The Aurora Plastics Corporation introduced the A/FX (Aurora Factory Experimentals, later simply "AFX") line of slot cars, slot car track sets, and related accessories in 1971. The AFX brand continued production until the company was forced into receivership in 1983. Aurora designed the AFX cars with interchangeable car body shells usually compatible with each chassis they released during these years.  The original 1971 A/FX chassis utilized an updated version of the existing pancake motor design of Aurora's "Thunderjet 500" line, popular in the 1960s. Aurora then released a longer version of the A/FX chassis in 1973, known as the "Specialty" chassis, which incorporated a longer wheelbase and gearplate (and often a more powerful armature) with bodies unique to that chassis. The car bodies designed to fit the shorter original chassis featured a clever snap-on design while the bodies for the Specialty chassis were affixed with a small screw. 
In 1974, Aurora redesigned both the original and Specialty chassis and exposed the bottom of the motor magnets. The exposed magnets were attracted to the metal rails in the track during racing, creating downforce to help hold the car on the track while cornering. AFX "Magna-Traction" cars remained popular from their release in 1974 throughout 1983, even after faster chassis designs were introduced in house and by Tyco.

Aurora introduced the innovative "G-Plus" in-line motor chassis in 1976. This design allowed the manufacture of narrow, open wheel Formula 1 style bodies. A version of the chassis was also released that would fit most of the previous tab-mounted AFX bodies. Aurora never designed an in-line chassis for the longer Specialty chassis bodies. In 1977, Aurora initiated several attempts at AFX-based slotless car chassis designs. These included the Ultra-5, Speed Steer, and Scre-e-echers Magna-Steering. Another in-line chassis design similar to the G-Plus was also introduced as the Super Magna-Traction and SP1000. Trick variants of the Super Magna-Traction include Blazin' Brakes, Speed Shifters and Cats Eyes. Improvements in the form of add-ons to the still popular Magna-Traction chassis, the Magna-Sonic sound box and an overhead light flasher for police cars, were also initiated.

AFX body shells encompassed a variety of themes including the Can-Am racing series, NASCAR and Trans-Am series stock cars, Formula 1, Funny Car Drag Racing, sports cars, off-road cars, and street cars, as well as custom designs.

Aurora contracted with race car drivers whose images and endorsements appeared on AFX Slot Car sets. These included Peter Revson, Jackie Stewart, Mario Andretti, A. J. Foyt, and Richard Petty. Revson's untimely death in 1974 forced Aurora to cover his image with a sticker on already produced boxed sets.

Aurora released only one licensed track set in 1982, when they partnered with the popular Fall Guy TV show.
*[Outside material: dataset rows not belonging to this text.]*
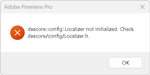 My Premiere Pro is up to date, and the Creative Cloud says nothing is wrong with it. Recently, I've tried loading it up and it says "dvacore::config::Localizer not initialized. Check dvacore/config/Localizer.h" and I'm not sure what that even means. I need help because I can't edit any videos at all and its kinda my job.
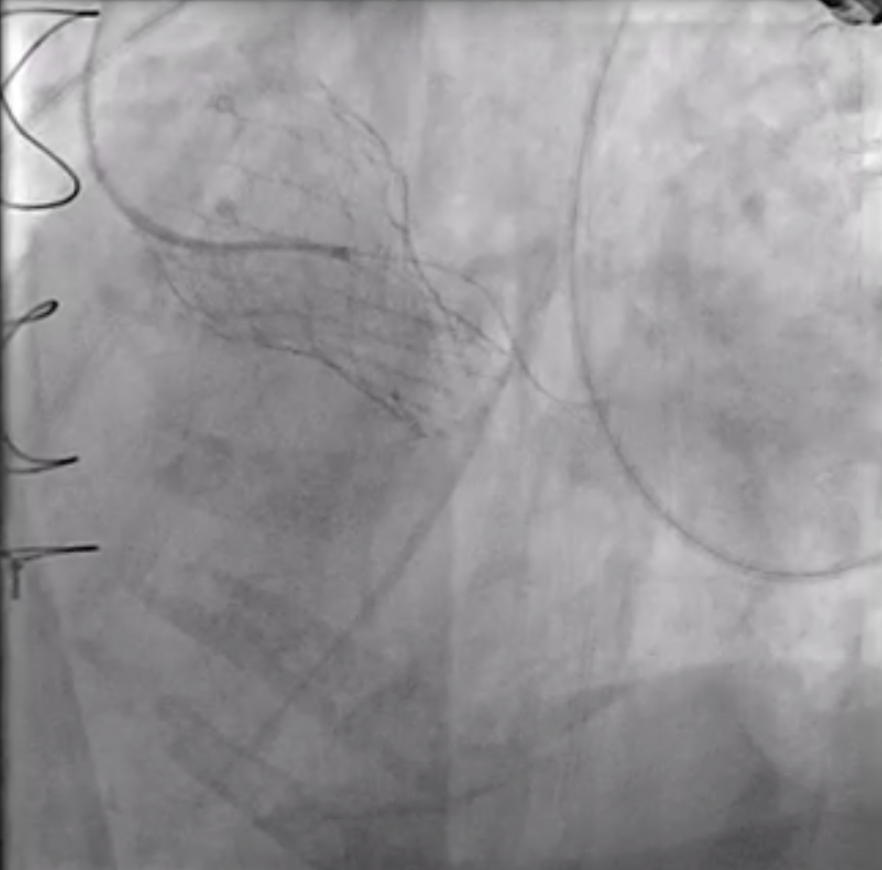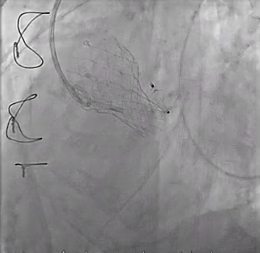 Aortogram: a paravalvular leakage noted between SAVR and TAVR valveHemodynamic study:- Pulmonary wedge pressure = 18 mmHg- Pulmonary artery pressure = 58/19 mmHg (mean 37 mmHg)- RV pressure = 71/5 mmHg- RA mean pressure = 9 mmHg- IVC pressure = 9 mmHg- Cardiac output (thermodilution): 3.73 L/min- PVR = 5 woods (408 Dynes.sec.cm-5)
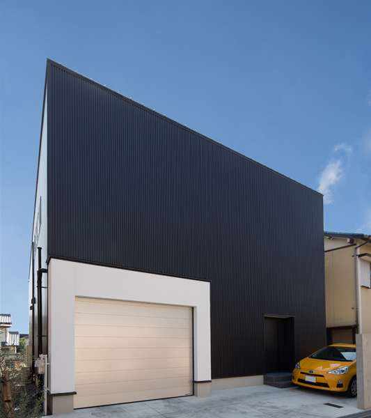 窓ひとつないファサードは、ガルバリウム鋼板の黒い外壁にオーバースライダー型の白いガレージの2色だけに絞った、シンプルで洗練された印象。
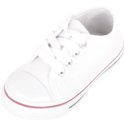 Childrens Kids Infants Easy Slip On Lace Up Canvas Sneaker Trainers Pumps White UK Infant 7 / EU 25
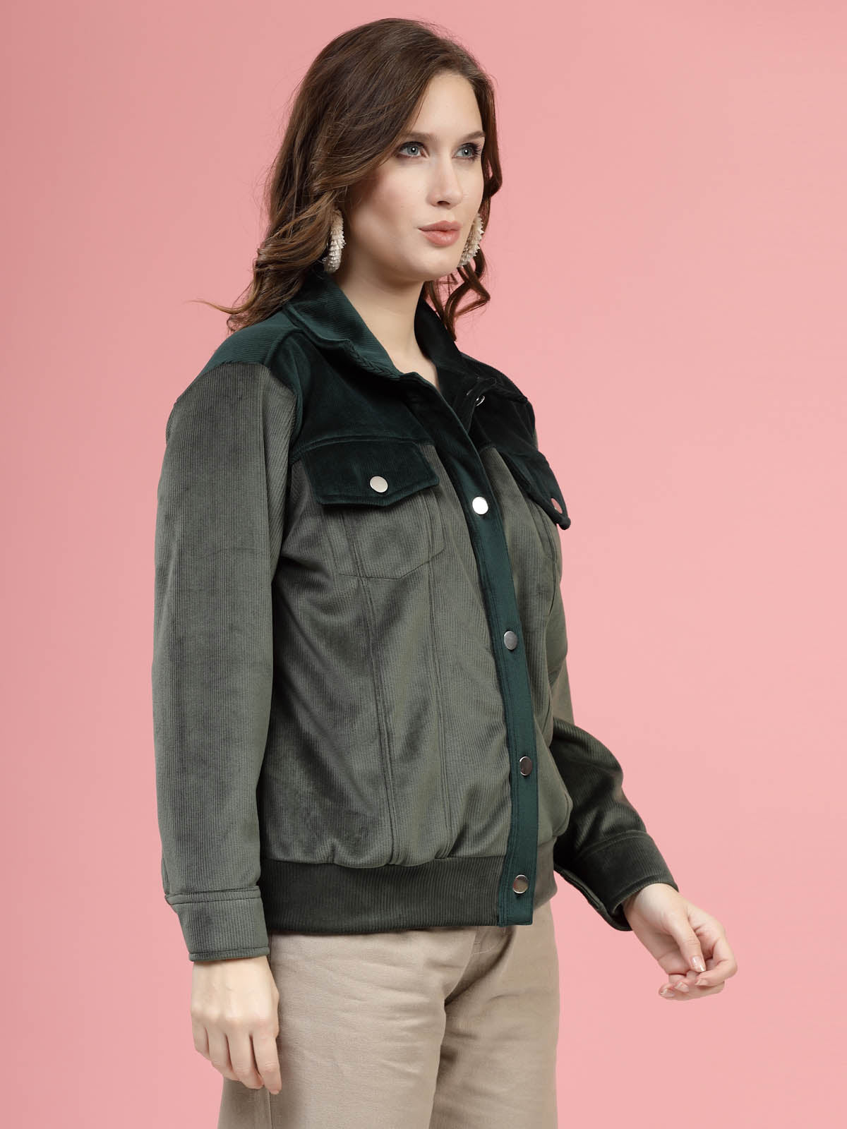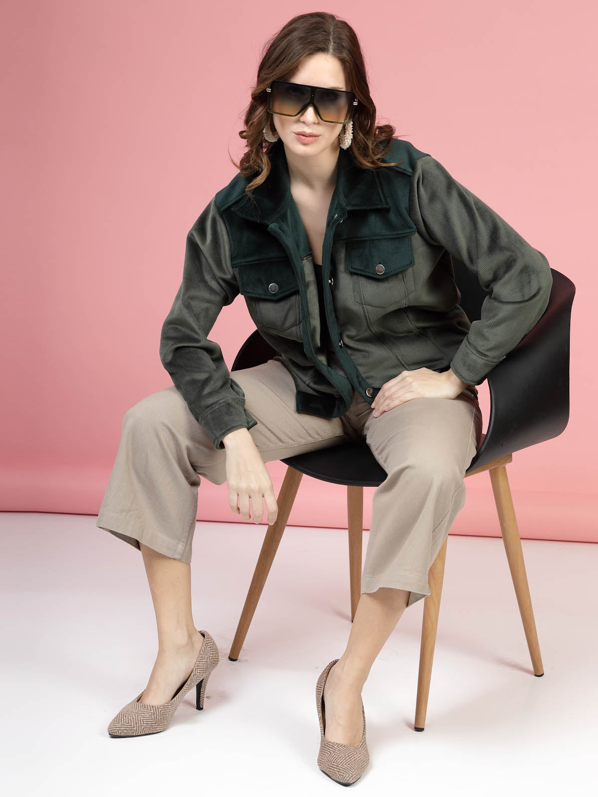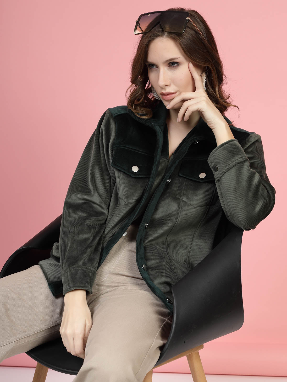 Solid Olive Self Design Spread Collar Bomber Jacket

A licensed M*A*S*H set and fire engine set were planned for 1983, but Aurora suspended operations prior to release.

List of AFX Slot Car Chassis (1971-1983)

List of AFX Slot Cars (1971-1983)

List of Aurora/AFX Slot Car Sets (1971-1983) 
Note: Vehicles pictured on the set packaging were not necessarrily the vehicles included; exceptions being themed sets such as those featuring police cars, tractor-trailer rigs, lighted cars, or a specific make or style of car.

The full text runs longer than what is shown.